▶ Data shown
# # #

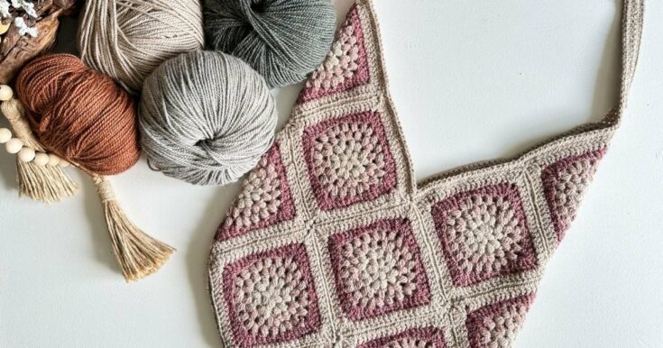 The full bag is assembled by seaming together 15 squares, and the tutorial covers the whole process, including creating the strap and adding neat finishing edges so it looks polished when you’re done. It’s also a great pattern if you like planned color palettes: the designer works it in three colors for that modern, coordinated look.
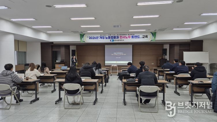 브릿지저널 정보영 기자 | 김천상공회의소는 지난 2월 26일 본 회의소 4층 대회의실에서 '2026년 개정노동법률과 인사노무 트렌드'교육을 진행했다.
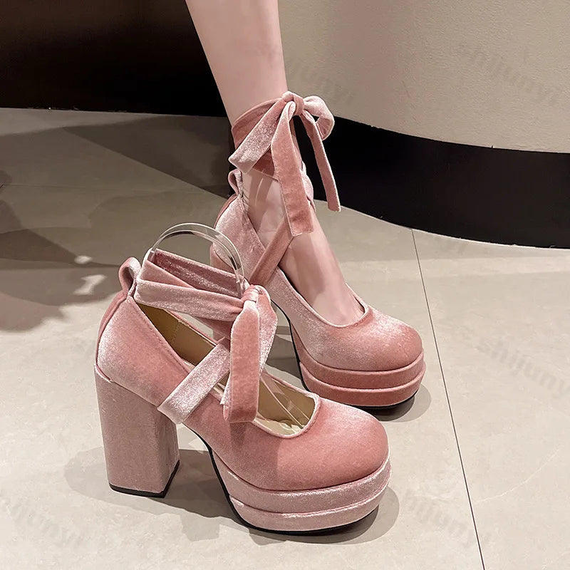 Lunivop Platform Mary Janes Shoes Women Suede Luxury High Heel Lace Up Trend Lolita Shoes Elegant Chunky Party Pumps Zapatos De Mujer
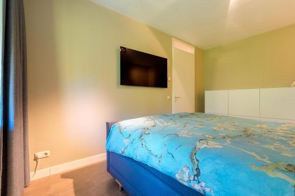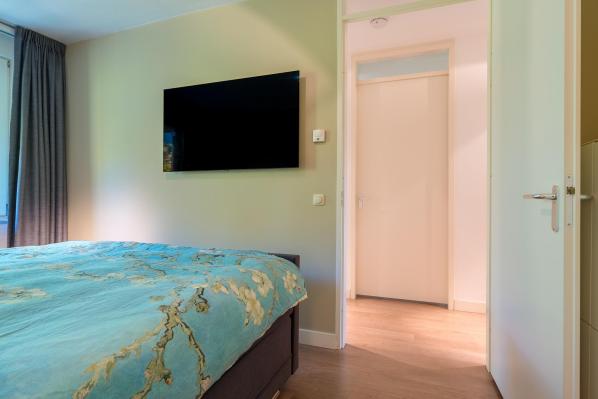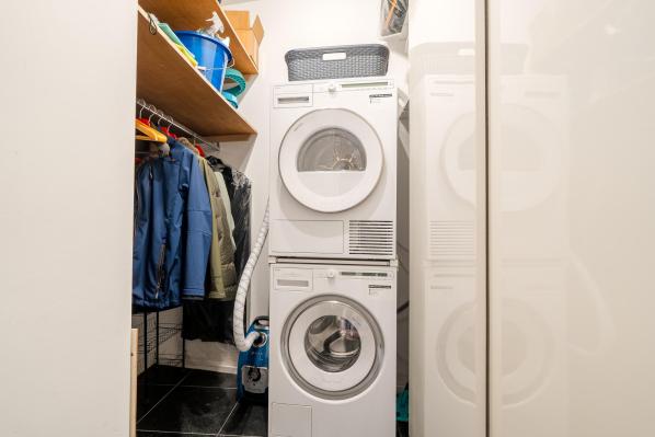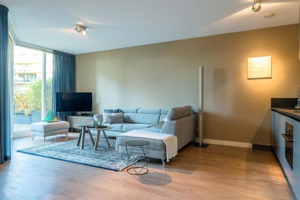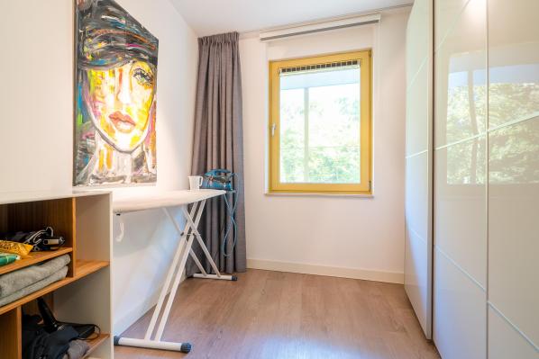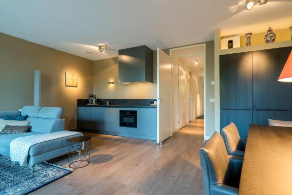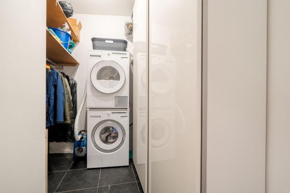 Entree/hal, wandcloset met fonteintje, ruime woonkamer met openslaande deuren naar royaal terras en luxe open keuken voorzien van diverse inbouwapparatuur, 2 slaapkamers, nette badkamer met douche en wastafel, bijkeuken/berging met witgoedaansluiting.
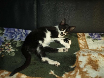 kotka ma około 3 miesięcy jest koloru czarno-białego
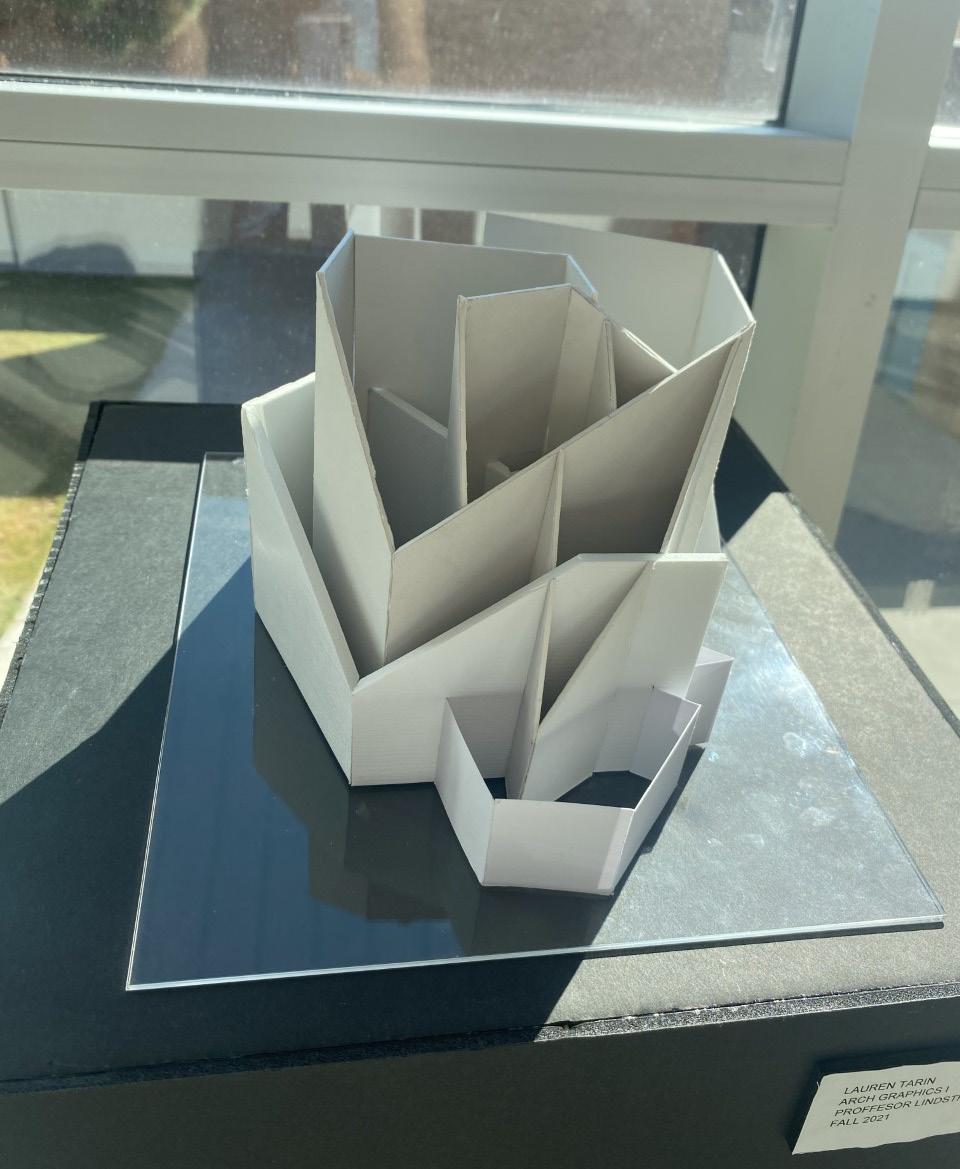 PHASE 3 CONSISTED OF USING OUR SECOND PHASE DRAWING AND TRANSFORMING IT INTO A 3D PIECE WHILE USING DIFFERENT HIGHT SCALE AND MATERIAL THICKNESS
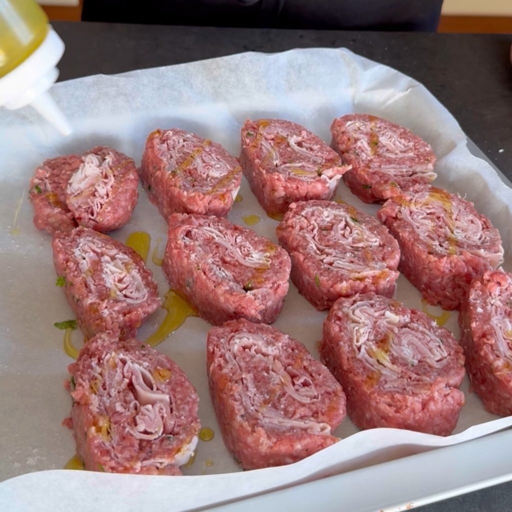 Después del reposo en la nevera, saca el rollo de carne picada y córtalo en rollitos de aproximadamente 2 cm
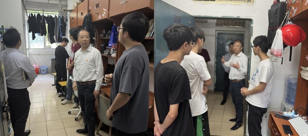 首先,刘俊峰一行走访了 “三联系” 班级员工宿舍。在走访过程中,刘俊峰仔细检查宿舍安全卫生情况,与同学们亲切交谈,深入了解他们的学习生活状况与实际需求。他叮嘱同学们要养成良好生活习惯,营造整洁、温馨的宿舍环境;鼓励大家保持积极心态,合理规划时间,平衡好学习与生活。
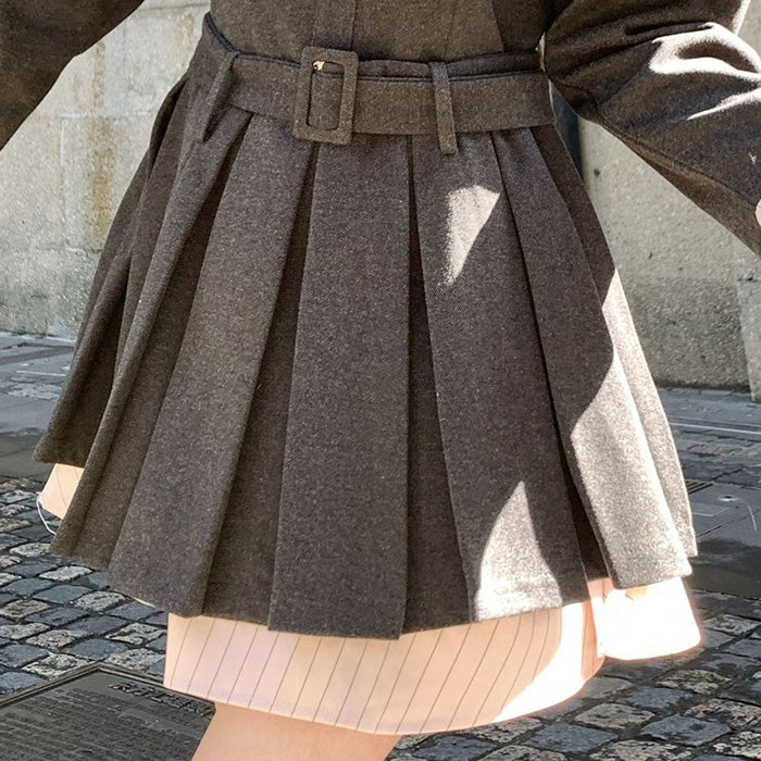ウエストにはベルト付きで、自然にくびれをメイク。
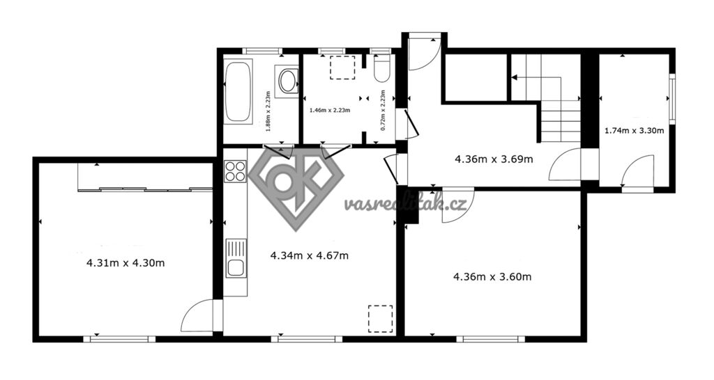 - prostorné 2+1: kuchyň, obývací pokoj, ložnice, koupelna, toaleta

# # #

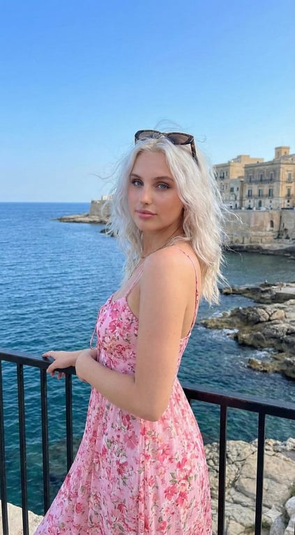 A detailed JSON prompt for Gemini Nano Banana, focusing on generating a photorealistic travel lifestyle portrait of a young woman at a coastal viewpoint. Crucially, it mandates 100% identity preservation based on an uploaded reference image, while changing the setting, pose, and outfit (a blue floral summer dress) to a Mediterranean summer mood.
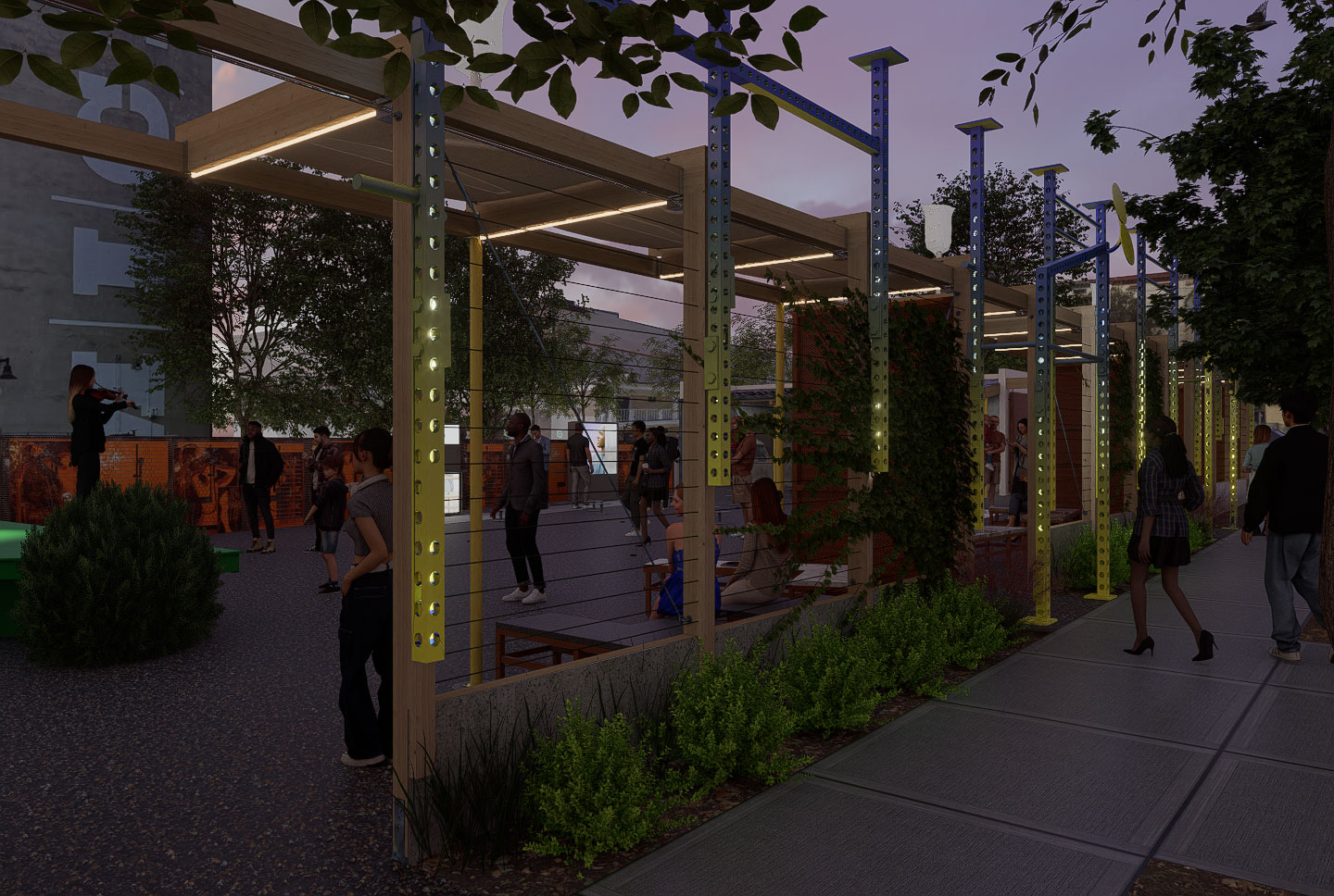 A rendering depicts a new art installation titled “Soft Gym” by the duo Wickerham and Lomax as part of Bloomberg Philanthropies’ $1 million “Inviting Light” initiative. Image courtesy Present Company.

# # #

What is needed is an exact copy of only the lines above from the one with "The full bag" to the one with "kotka ma około", both kept, with every picture left out.

▶ Response
 The full bag is assembled by seaming together 15 squares, and the tutorial covers the whole process, including creating the strap and adding neat finishing edges so it looks polished when you’re done. It’s also a great pattern if you like planned color palettes: the designer works it in three colors for that modern, coordinated look.
 브릿지저널 정보영 기자 | 김천상공회의소는 지난 2월 26일 본 회의소 4층 대회의실에서 '2026년 개정노동법률과 인사노무 트렌드'교육을 진행했다.
 Lunivop Platform Mary Janes Shoes Women Suede Luxury High Heel Lace Up Trend Lolita Shoes Elegant Chunky Party Pumps Zapatos De Mujer
 Entree/hal, wandcloset met fonteintje, ruime woonkamer met openslaande deuren naar royaal terras en luxe open keuken voorzien van diverse inbouwapparatuur, 2 slaapkamers, nette badkamer met douche en wastafel, bijkeuken/berging met witgoedaansluiting.
 kotka ma około 3 miesięcy jest koloru czarno-białego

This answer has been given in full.